They put the fire out but she lay on the ground for a long time before she disappeared. Trying to find a date at the moment.

Don


----------



## Captian Dag (Oct 26, 2008)

I want to say 1960's but could be early 70's. I believed it happened just below the Greater New Orleans twin bridges right in front of the "river walk". There was an artical a few years back about oil seeping from the hulk causing a sheen on the river. I can't find any reference to this but I'll keep trying.


----------



## Smuggler (May 26, 2010)

Captian Dag said:


> I want to say 1960's but could be early 70's. I believed it happened just below the Greater New Orleans twin bridges right in front of the "river walk". There was an artical a few years back about oil seeping from the hulk causing a sheen on the river. I can't find any reference to this but I'll keep trying.

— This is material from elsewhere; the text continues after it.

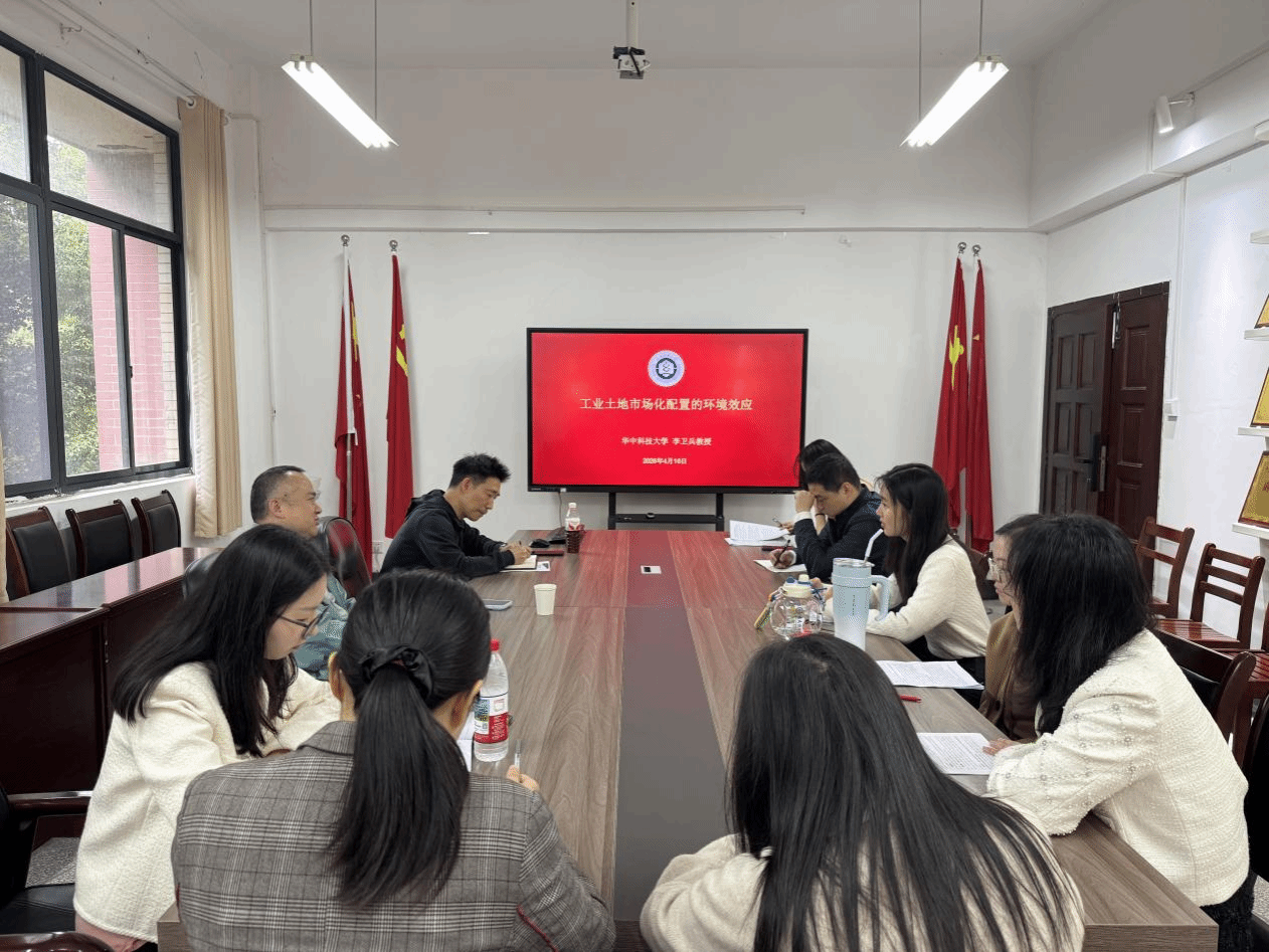 李卫兵以工业土地市场化配置为切入点,系统构建了包含土地要素的DSGE动态分析框架,清晰揭示了土地制度改革对环境治理的传导机制与政策效应,为解决 “要素配置与绿色发展” 协同难题提供了全新的研究视角。李卫兵的讲座兼具理论深度与实践价值,其研究逻辑严谨、数据扎实,不仅展示了前沿的研究范式,也为环境经济学与区域发展交叉领域的研究提供了重要启发。报告结束之后,老师们与李卫兵就该主题进行了交流与讨论,现场学术氛围浓厚。

It was the Union Faith.. details are here http://www.iosc.org/papers/01863.pdf


----------



## Don Matheson (Mar 13, 2007)

Dont think this is the ship I saw, I am sure the one I watched was an engines aft job and not so near New Orleans. She was close to the Levi and people were moved incase she blew up due to a dangerous cargo.
Dates are about right though.

Don


----------



## Captian Dag (Oct 26, 2008)

God Bless you, Smuggler. that is it. Thanks.


----------



## Jim Sutton (Jul 28, 2007)

Might have been the AFRICAN STAR.

http://www.uscg.mil/hq/cg5/cg545/docs/boards/africanstar.pdf


----------



## cueball44 (Feb 15, 2010)

Silverbriar/Andria/Union Faith. There are some photographs and info in the Gallery.(Thumb)


----------